SAN FRANCISCO -- The international scandal over Volkswagen's cheating on emissions controls in its diesel engines has already produced a predictable result -- one of the most massive legal assaults in U.S. history.
Now dozens of class-action lawsuits filed nationwide on behalf of hundreds of thousands of angry Volkswagen owners, dealers and others have been centralized in San Francisco federal court, where the scramble is on to hold the German automaker accountable in a case with billions of dollars at stake.
The lawsuits center on the fact that Volkswagen rigged the emissions controls in its diesel engines to evade strict air pollution standards in places like California. The company is accused of deliberately cutting corners on cars touted for their fuel efficiency and air quality emissions, engineering the diesel engines to essentially conceal the fact they were omitting as much as 40 times allowable levels of pollutants.
David Fiol, a San Francisco lawyer and self-described "dedicated environmentalist," was the prototypical customer Volkswagen sought in marketing the eco-friendly features of its diesel engine cars. By the time Fiol decided to pull the trigger on a 2012 Jetta sport wagon for his wife, a former staffer for the U.S. Environmental Protection Agency, he believed he'd picked the type of car that could help "save the planet."
But Fiol bought one of hundreds of thousands of cars caught up in the scandal -- and now he's gone from prototypical Volkswagen customer to the lead plaintiff in the first of what has become dozens of class-action lawsuits that have landed in court.
"A car is a statement of who you are," said Fiol, who enlisted Seattle class-action lawyer Steve Berman to take his case last September. "This car was a statement that you are smart and care about the planet.

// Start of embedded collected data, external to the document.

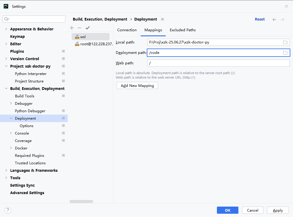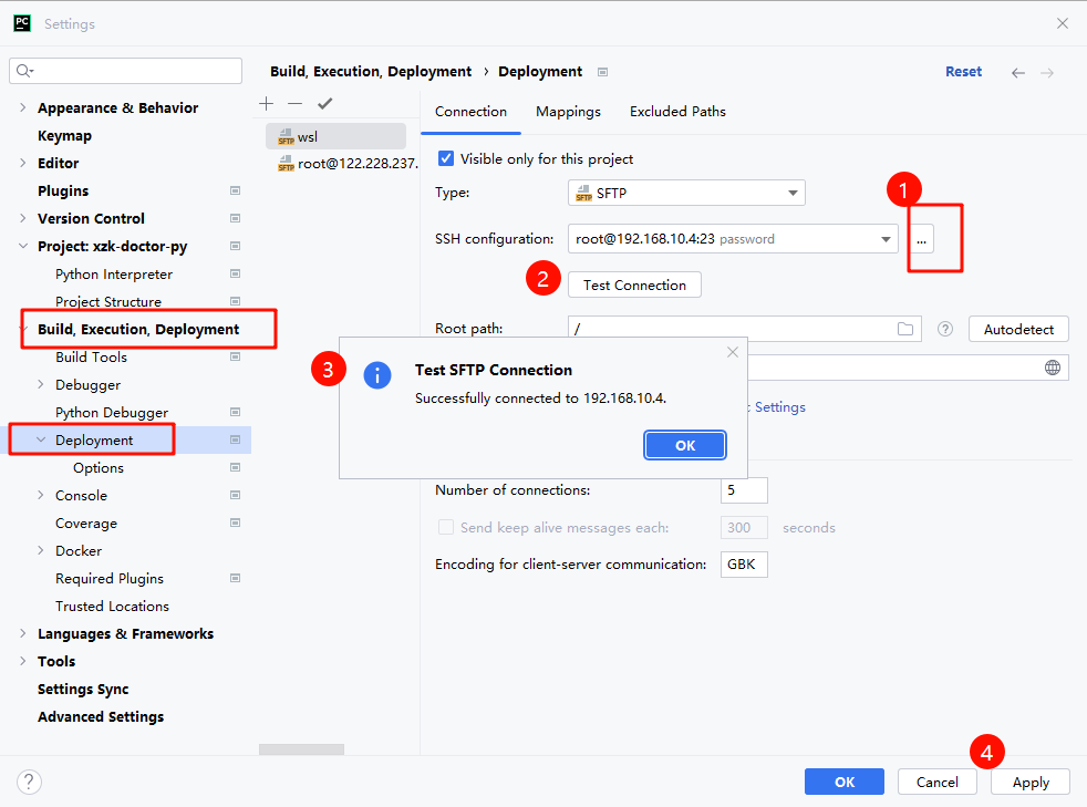 1、settings>build,execution,deployment>添加 sftp 连接,配置 ssh 连接,最后 apply
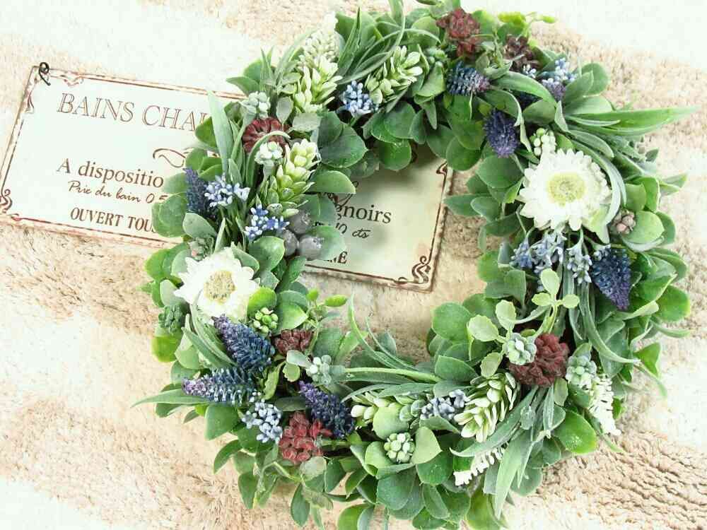 こちらのリースは、手元に中途半端に残ったアーティフィシャルフラワーを使ったリースです。どこに何を配置するか悩みました(^_^;)が、けっこうバランスよくできたのでは(^^)v…と、自画自賛ですf(^_^;。
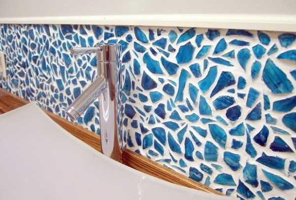 Также создать мозаичный узор можно, разбив большую плитку на более мелкие кусочки, прежде чем крепить на стену. Результат получается похожим на предыдущий, но более хаотичный, без четких линий.
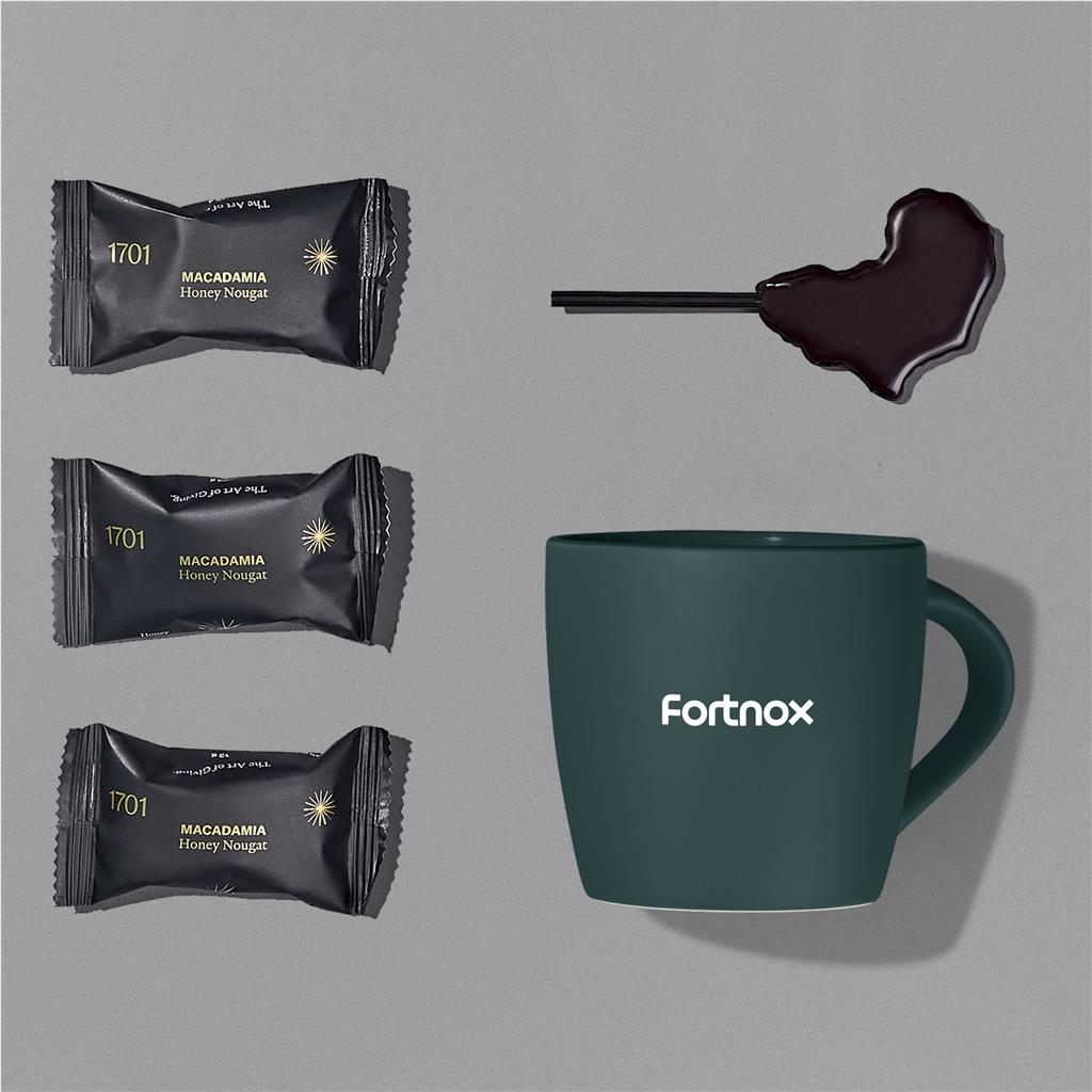This Yatta Bright Bites Hamper offers a pleasant corporate gift. It includes a 330ml ceramic coffee mug, a Yatta African Sucker, and three 1701 Nougat Minis. All items come presented in a Yatta drawstring bag.
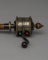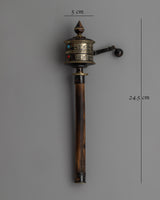 Handheld Copper & Wood Buddhist Prayer Wheel
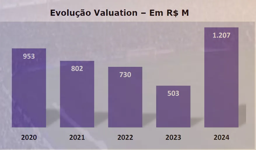 Apesar das receitas operacionais registrarem um total de R$ 364 milhões, a dívida vascaína registrou um total de R$ 749 milhões, mais da metade do valuation do clube e acima do ativo total do Gigante da Colina, que teve um valor de R$ 390 em 2023.
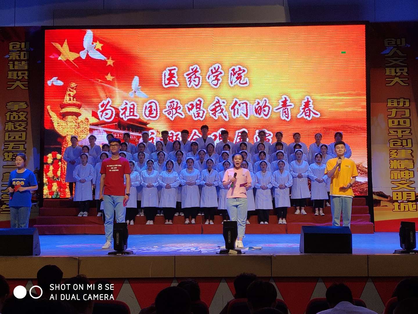 (通訊員盧晶)2019年5月17日在學校多功能報告廳醫藥學院千余名同學,激情演繹大合唱《我和我的祖國》,本次活動從策劃到籌備歷時兩個月,“班級有歌聲,人人都參與”。 演繹現場氣氛熱烈、和諧,各班輔導員和學生全身心投入其中,發揮了最高的水平,真是各盡其能,各展其才!段液臀业淖鎳贰睹魈鞎谩贰蹲屛覀兪幤痣p槳》《革命人永遠最年輕》《歌唱祖國》《國家》《隱形的翅膀》《保衛黃河》等一首首精心選取的歌曲在展演中響起,觀眾席上不時響起熱烈的掌聲,校園陽光明媚,展演青春唱響,所有的人都沉浸在這美妙的氛圍中。
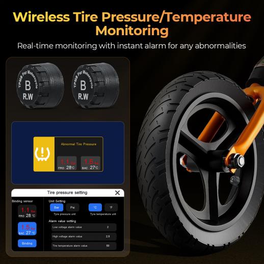 - * Udstyret med et dæktryks- og temperaturovervågningssystem holder det styr på dit motorcykeldæks helbred i realtid, og du får rettidige advarsler om eventuelle problemer, så du nemt kan køre (Bemærk: 2 sensorer medfølger). Og takket være G-sensoren udløses nødoptagelse ved pludselige kollisioner eller stød, hvilket sikrer, at kritiske øjeblikkelige fanges og bevares.
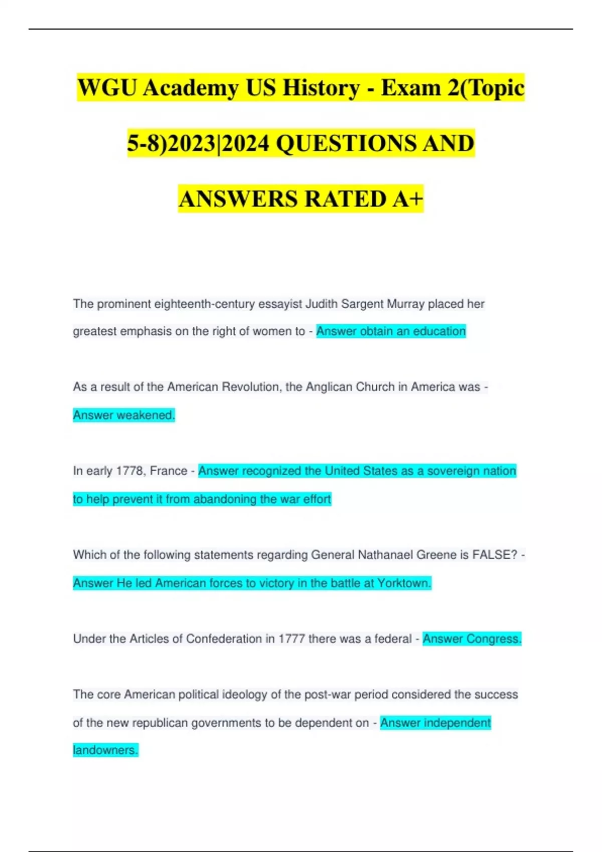WGU Academy US History - Exam 2(Topic 5-8)2023|2024 QUESTIONS AND ANSWERS RATED A+ The prominent eighteenth-century essayist Judith Sargent Murray placed her greatest emphasis on the right of women to - Answer obtain an education As a result of the American Revolution, the Anglican Church in America was - Answer weakened. In early 1778, France - Answer recognized the United States as a sovereign nation to help prevent it from abandoning the war effort Which of the following statements regarding General Nathanael Greene is FALSE? - Answer He led American forces to victory in the battle at Yorktown. Under the Articles of Confederation in 1777 there was a federal - Answer Congress. The core American political ideology of the post-war period considered the success of the new republican governments to be dependent on - Answer independent landowners.

But it turns out we were a bunch of dupes who are damaging the planet."
In what has already evolved into a sprawling court battle filled with legal stars, all of the cases against Volkswagen have been assigned by a special national panel to San Francisco U.S. District Judge Charles Breyer, a veteran of some of the Bay Area's most high-profile cases and brother of U.S. Supreme Court Justice Stephen Breyer.
The U.S. Justice Department's lawsuit against Volkswagen, filed last month in Detroit, also has been shifted to Breyer's control, along with dozens of fraud actions filed by state attorneys general. California Attorney General Kamala Harris is investigating Volkswagen's conduct under the state's strict air regulations, and any action she files is expected to land in Breyer's court.
With Volkswagen having already admitted wrongdoing publicly, legal experts do not expect the cases to go to trial. In fact, Breyer's focus already has shifted to finding a resolution -- he has appointed former FBI Director Robert Mueller to oversee settlement efforts.
But lawyers involved in the case say settlement will be no easy task. U.S. owners of an estimated 600,000 Volkswagen cars in model years 2009 to 2015 want their vehicles either fixed or replaced, and to be compensated for the fact their cars are spewing excessive amounts of pollution into the air when they were billed as among the most eco-friendly on the market.
"The problem is that saying 'We were liable,' or 'We screwed up,' doesn't solve the problem," said San Francisco lawyer Elizabeth Cabraser, court-appointed head of a 21-member committee of lawyers who assembled the class actions. "Saying we screwed up does not fix the vehicle."
Peninsula lawyer Frank Pitre, who represents two Stanford University professors who bought a tainted 2013 Volkswagen Passat, likens the case to the lawsuits against PG&E over the 2010 pipeline explosion that leveled a San Bruno neighborhood, saying a key is to unearth how Volkswagen went about deceiving the public -- hoping to hold top management responsible and perhaps exposing the company to greater damages and restaints on future business practices.
"This is coming in from all sides," Pitre said. "I'm not sure we have our arms around all of the cases."
Consumer advocates are hopeful the case will provide an adequate remedy for the Volkswagen car owners, but worry too much money might land in the pockets of lawyers, a common concern in class-action litigation. "Unfortunately, there is going to be a windfall for the lawyers," said Theodore Frank of the Center for Class Action Fairness.
The two lead lawyers for Volkswagen did not respond to requests for comment. But Volkswagen has pledged to fix the problem, which extends to an estimated 11 million vehicles worldwide, and has enlisted Kenneth Feinberg, who supervised the 9/11 victim compensation fund, to handle the task for the automaker's aggrieved customers.
Compensation, however, remains a tricky question, according to legal experts.
"The remedy question remains difficult because there appears to be no way that VW can give people the cars that it said it sold them -- fix the pollution problem and you compromise performance and/or economy," said Gregory Keating, a USC law professor. "So what should VW do? Buy them back? Fix and pay money damages for loss of value? What's the next-best thing to do?"
Fiol, meanwhile, is frustrated by the experience. He and his wife still drive the car, as they have no choice, but try to conserve on mileage to limit the environmental damage.
"We felt we were duped and felt like we turned into criminals ourselves," Fiol said. "We'd just like to have the car fixed."